---- Excerpted records
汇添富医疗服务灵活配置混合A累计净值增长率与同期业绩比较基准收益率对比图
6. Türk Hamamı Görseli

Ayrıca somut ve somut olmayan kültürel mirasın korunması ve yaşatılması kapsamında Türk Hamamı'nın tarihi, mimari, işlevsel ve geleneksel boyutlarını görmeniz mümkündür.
--------
---- Excerpted records
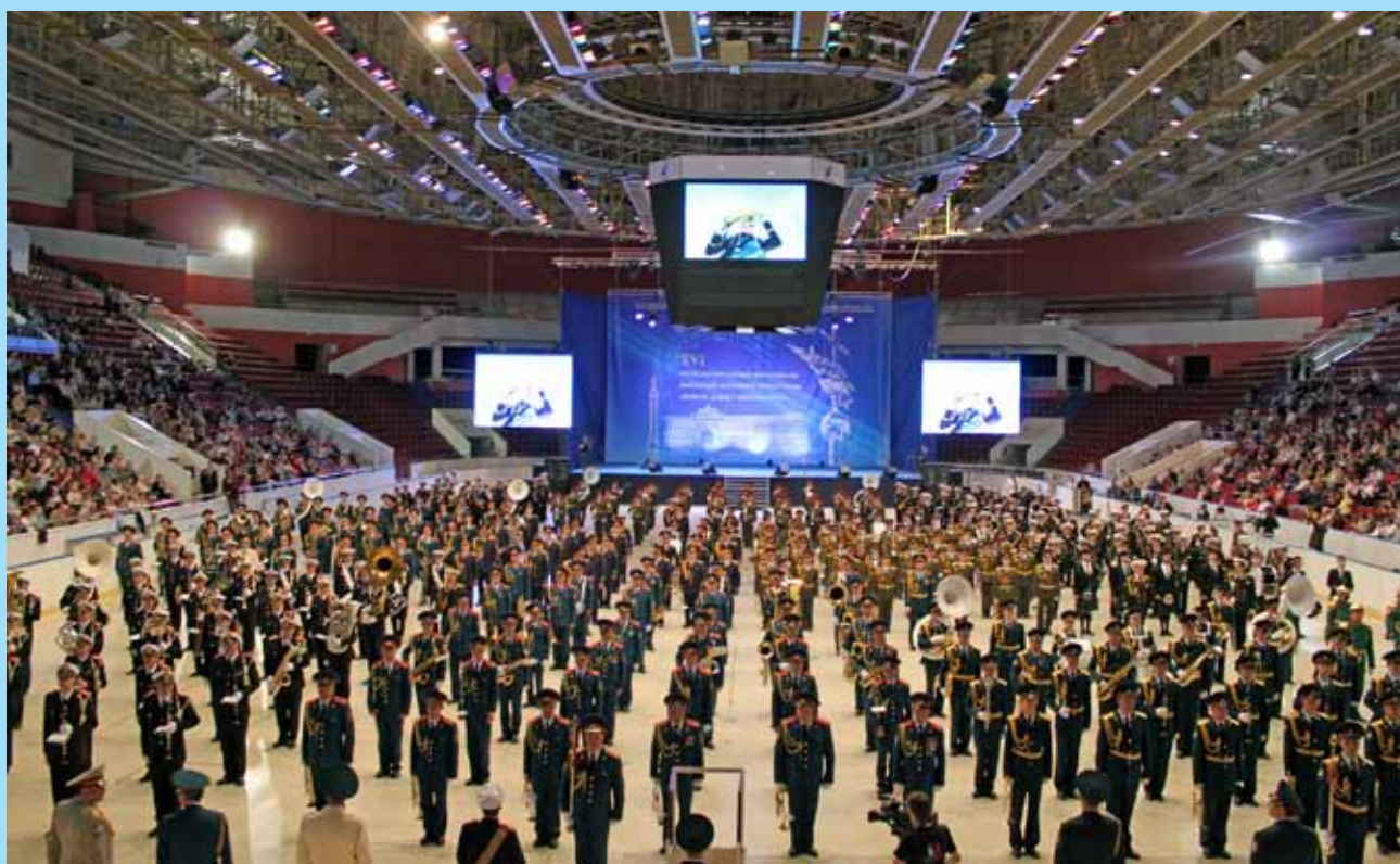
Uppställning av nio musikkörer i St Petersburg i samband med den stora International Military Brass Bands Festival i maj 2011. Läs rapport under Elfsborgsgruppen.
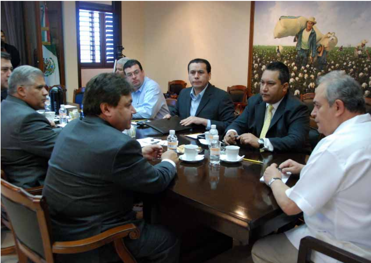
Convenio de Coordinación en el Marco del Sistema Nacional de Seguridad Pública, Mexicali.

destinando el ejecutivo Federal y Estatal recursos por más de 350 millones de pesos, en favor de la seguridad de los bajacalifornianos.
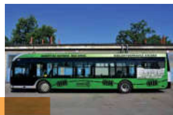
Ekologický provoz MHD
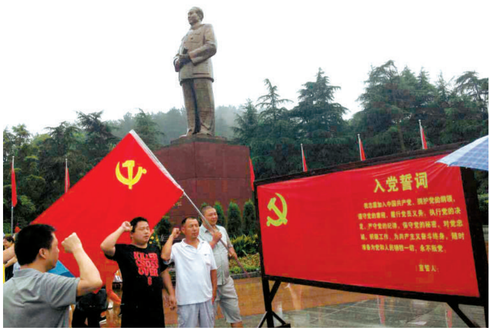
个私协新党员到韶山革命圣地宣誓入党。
--------
> About this task
Your task is to transcribe, with no changes, only the lines of the listing above that lie between the line holding "汇添富医疗服务灵活配置混合A累计净值增长率与同期业绩比较基准收益率对比图" and the line holding "Ayrıca somut ve", inclusive.

> Result of the exercise
汇添富医疗服务灵活配置混合A累计净值增长率与同期业绩比较基准收益率对比图
6. Türk Hamamı Görseli

Ayrıca somut ve somut olmayan kültürel mirasın korunması ve yaşatılması kapsamında Türk Hamamı'nın tarihi, mimari, işlevsel ve geleneksel boyutlarını görmeniz mümkündür.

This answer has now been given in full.